И ведь ни капельки не солгал, у меня и вправду был тренер по тайскому боксу. Когда–то давно и вообще не в этом мире, но, право слово, такие мелочи не стоят упоминания, когда перед тобой психованный подросток, из–за своей разбушевавшейся паранойи, готовый раздробить тебе колени палкой. В подобной передряге поговорка «слово — серебро, а молчание — золото» становится как никогда актуальной.
— Хм, хафу, не держи меня за идиота! То дерьмо, что ты показал — не муай–тай! — боккен в его руках «плетью» проходится по моим бедрам — чертовски больно. Этот крашенный мудак специально стеганул таким образом, чтобы как можно сильнее травмировать кожу. — Это был обычный удар рукой, без признаков боевого искусства. Если бы я не видел, что ты сам веришь в это дерьмо, то за такую наглую ложь переломал бы тебе все кости!
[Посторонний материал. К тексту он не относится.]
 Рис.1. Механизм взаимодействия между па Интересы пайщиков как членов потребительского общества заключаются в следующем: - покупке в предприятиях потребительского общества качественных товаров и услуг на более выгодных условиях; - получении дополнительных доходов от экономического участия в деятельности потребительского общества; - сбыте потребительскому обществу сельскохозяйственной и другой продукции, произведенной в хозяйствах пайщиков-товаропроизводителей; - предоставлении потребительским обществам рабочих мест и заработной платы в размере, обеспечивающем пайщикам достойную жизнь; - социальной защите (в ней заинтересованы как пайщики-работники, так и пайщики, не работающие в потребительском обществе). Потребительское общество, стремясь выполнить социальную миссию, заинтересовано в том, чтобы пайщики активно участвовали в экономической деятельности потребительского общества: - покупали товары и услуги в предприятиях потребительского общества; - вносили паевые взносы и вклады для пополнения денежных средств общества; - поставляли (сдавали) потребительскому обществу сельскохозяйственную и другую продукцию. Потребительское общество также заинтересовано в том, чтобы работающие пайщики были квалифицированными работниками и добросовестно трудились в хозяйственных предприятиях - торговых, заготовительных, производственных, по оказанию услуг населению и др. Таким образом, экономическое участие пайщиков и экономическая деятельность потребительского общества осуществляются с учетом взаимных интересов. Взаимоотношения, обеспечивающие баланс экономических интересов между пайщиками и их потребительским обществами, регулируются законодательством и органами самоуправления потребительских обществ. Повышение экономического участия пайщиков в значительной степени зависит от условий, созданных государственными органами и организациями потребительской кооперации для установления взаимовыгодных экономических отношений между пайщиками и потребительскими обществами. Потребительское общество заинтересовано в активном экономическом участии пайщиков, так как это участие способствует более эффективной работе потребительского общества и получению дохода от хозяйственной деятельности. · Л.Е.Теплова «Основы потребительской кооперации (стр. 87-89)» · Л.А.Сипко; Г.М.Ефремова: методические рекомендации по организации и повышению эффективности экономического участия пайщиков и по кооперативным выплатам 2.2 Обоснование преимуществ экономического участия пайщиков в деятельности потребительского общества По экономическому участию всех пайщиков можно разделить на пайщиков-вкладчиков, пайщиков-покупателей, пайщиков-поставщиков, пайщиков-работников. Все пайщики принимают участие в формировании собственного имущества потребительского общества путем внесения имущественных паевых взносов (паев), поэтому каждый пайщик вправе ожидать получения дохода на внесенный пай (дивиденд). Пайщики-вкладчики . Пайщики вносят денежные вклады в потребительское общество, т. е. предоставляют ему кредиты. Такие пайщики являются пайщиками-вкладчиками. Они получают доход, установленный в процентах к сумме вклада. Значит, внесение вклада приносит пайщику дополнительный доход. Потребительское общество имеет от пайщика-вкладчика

— Ш–ш–ш, он не раскрывал мне тайн муай–тай, просто показывал удары и все.
— Похоже на правду, но какой тогда в этом смысл? Это ведь идиотизм.
— Почему это? — его слова задевают меня за живое, ведь я потратил на этот «идиотизм» практически всю свою сознательную жизнь.
— Хафу, ты совсем кретин? Какая нахрен разница насколько хорошо ты машешь руками и ногами. — судя по менторской интонации, вторую часть фразы он ни раз слышал в свой адрес и, найдя во мне «благодарного» слушателя, решил ее процитировать. — Если техническое действие не подкрепляется философией и духовной практикой боевого искусства, то любой гопник забьет тебя обычной палкой, как шелудивого пса. Как думаешь, если бы не эффект неожиданности и у Киёси в руках была его любимая бита, у тебя были бы шансы?
— Если бы у бабушки были яйца, то она была бы дедушкой. — огрызаюсь я.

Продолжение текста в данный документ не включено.